It’s the shrewd but affable laugh of a bad boy. Adolphus L. Maples III, also known as Danja Mowf, or just Danja, the 31-year-old owner of Danja Zone Entertainment, has just been asked why it’s so important to stick with his group, The Supafriendz, instead of striking out on his own.
Besides such expected answers as “strength in numbers,” the bottom line, he says with a laugh, is that if you aren’t including people in your projects and sharing your energy with them, “then you can’t really get people to do stuff without paying them.”

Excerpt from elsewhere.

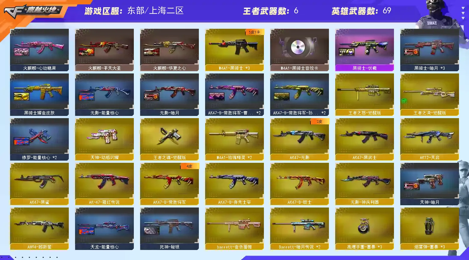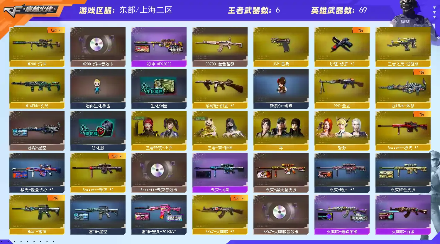 【亮点解析 幻神三件套】【M200-幻神+音效卡+幻神-CFS2022】【生化 盘龙 炼狱 3烈龙 蝴蝶 死亡之眼】【裁决】【Barrett-毁灭+音效卡】【极光】【AK47-火麒麟+音效卡】【M4A1-雷神+雷神-宠儿】【黑骑士+音效卡+白马银枪】【王者之怒 王者之力 王者之决】【无影 死神 黑武士 天启 超新星 黑鲨 龙血 玄武 玫瑰精灵】【8手枪 修罗*3 天神 usp雷暴 王者之魂 王者之灵】【11近战 屠龙*3 龙啸*3 擎天 麒麟刺 斩神刀雷暴 王者之锋】【手雷 雷暴雷】【四防 王者葵貂蝉 王者玲珑小乔】【幻神音效卡 AK47-火麒麟音效卡】

Make no mistake, though — the feelings of fidelity are real. Supafriendz is one of the tightest collectives in the state. Combining multiple MCs, DJs, radio celebrities and songwriters, all working loosely under Maples’ Danja Zone Entertainment company, they’re barking at the door of The Neptunes, the Virginia Beach outfit that’s produced tracks for Jay-Z and Snoop Dogg.
Supafriendz came together in 1994, at a radio show on the University of Richmond’s radio station WDCE 90.1-FM, often co-hosted by a then-unknown rapper named Mad Skillz. “UR House Party,” Maples recalls, attracted many of the Supafriendz, including Lil’ Roc, Sean P and Lonnie B. Maples remembers they were all at the movies when Lonnie came up with the name Supafriendz. Their first single, “Vowel Movement,” was released in 1996 on Maples Mowf’s album, “Word of Mowf.”
“It was a pretty cool thing and people were feeling it,” Maples recalls thinking, on his way to the gym on a recent bright fall afternoon. “We were like, ‘Let’s do this ourselves and let the Supafriendz thing pop off.’” Soon they had a full-length album, “The 804 Compilation,” which sold about 8,000 copies with regional promotion and sales. The timing was right for Maples. Local success had just become important to a guy who had already worked with Portsmouth native Missy Elliot. Hip-hop was changing, and Maples knew it.
“We hit a gap when hip-hop changed,” he says. “My goal with ‘804’ was to appeal more to a Richmond hometown market. Hip-hop had gone from emceeing and being about skills to being about material things.”
The Puffy era was here, he says. The time of people like Master P, the young owner of No Limit Records who turned a cult following in New Orleans into a quarter of a billion dollars in personal wealth. Rappers and producers were no longer selling their talents to the big labels. They were selling them directly to the streets — and taking the lion’s share of the profits.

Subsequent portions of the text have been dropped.